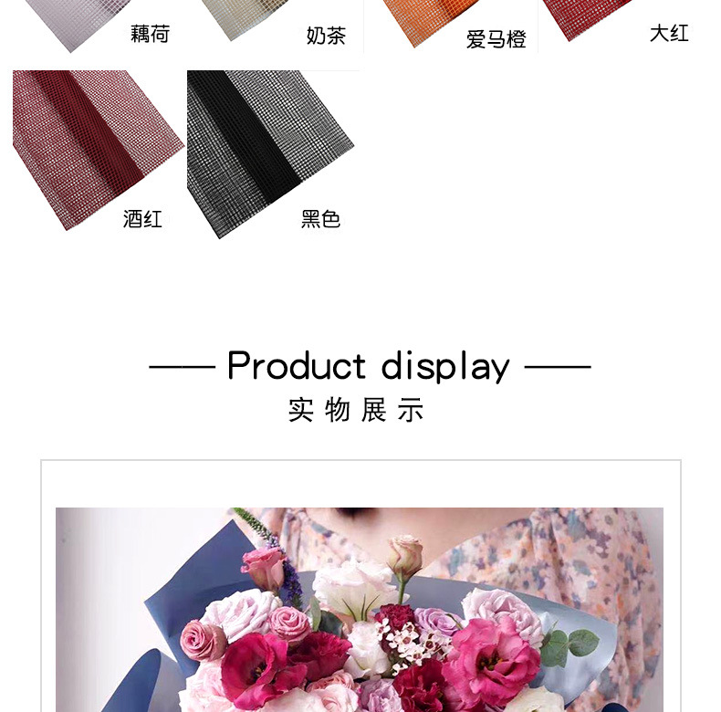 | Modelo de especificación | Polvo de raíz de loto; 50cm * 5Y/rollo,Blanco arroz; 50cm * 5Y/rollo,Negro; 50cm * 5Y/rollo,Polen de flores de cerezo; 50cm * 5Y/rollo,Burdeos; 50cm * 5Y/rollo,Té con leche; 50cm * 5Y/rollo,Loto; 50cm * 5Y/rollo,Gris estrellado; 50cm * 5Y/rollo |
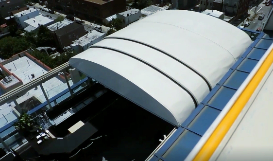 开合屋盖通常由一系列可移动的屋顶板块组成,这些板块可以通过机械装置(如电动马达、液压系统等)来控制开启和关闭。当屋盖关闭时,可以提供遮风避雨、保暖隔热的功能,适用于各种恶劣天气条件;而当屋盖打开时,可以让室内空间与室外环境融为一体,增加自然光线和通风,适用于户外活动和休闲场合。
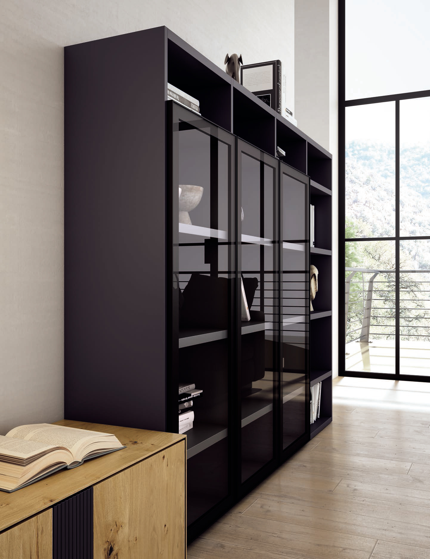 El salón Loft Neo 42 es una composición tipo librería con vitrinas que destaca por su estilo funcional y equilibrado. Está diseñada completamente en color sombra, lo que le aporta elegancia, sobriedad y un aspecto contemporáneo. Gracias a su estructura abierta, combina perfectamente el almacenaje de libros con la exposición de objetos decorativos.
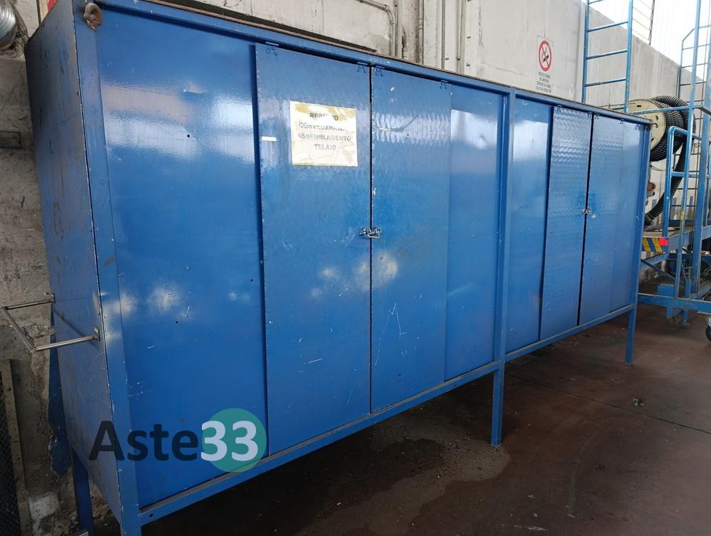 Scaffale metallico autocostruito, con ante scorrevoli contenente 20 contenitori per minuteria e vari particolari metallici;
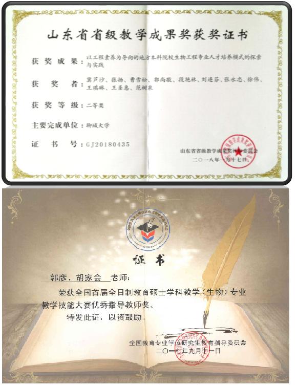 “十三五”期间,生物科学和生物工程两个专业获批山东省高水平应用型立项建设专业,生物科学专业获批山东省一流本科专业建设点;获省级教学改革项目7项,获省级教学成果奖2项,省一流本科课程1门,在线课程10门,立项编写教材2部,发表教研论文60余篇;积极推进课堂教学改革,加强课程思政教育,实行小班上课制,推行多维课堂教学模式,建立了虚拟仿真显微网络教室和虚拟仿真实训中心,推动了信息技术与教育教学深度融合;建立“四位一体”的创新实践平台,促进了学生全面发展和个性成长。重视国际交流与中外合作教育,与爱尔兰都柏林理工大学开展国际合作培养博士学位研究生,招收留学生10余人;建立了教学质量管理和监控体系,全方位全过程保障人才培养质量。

#### WHAT IS NEEDED:
Give back an exact repeat of the lines from the top of the data through the line that holds "Scaffale metallico autocostruito, con", both included, and omit pictures.

#### YOUR RESPONSE:
 | Modelo de especificación | Polvo de raíz de loto; 50cm * 5Y/rollo,Blanco arroz; 50cm * 5Y/rollo,Negro; 50cm * 5Y/rollo,Polen de flores de cerezo; 50cm * 5Y/rollo,Burdeos; 50cm * 5Y/rollo,Té con leche; 50cm * 5Y/rollo,Loto; 50cm * 5Y/rollo,Gris estrellado; 50cm * 5Y/rollo |
 开合屋盖通常由一系列可移动的屋顶板块组成,这些板块可以通过机械装置(如电动马达、液压系统等)来控制开启和关闭。当屋盖关闭时,可以提供遮风避雨、保暖隔热的功能,适用于各种恶劣天气条件;而当屋盖打开时,可以让室内空间与室外环境融为一体,增加自然光线和通风,适用于户外活动和休闲场合。
 El salón Loft Neo 42 es una composición tipo librería con vitrinas que destaca por su estilo funcional y equilibrado. Está diseñada completamente en color sombra, lo que le aporta elegancia, sobriedad y un aspecto contemporáneo. Gracias a su estructura abierta, combina perfectamente el almacenaje de libros con la exposición de objetos decorativos.
 Scaffale metallico autocostruito, con ante scorrevoli contenente 20 contenitori per minuteria e vari particolari metallici;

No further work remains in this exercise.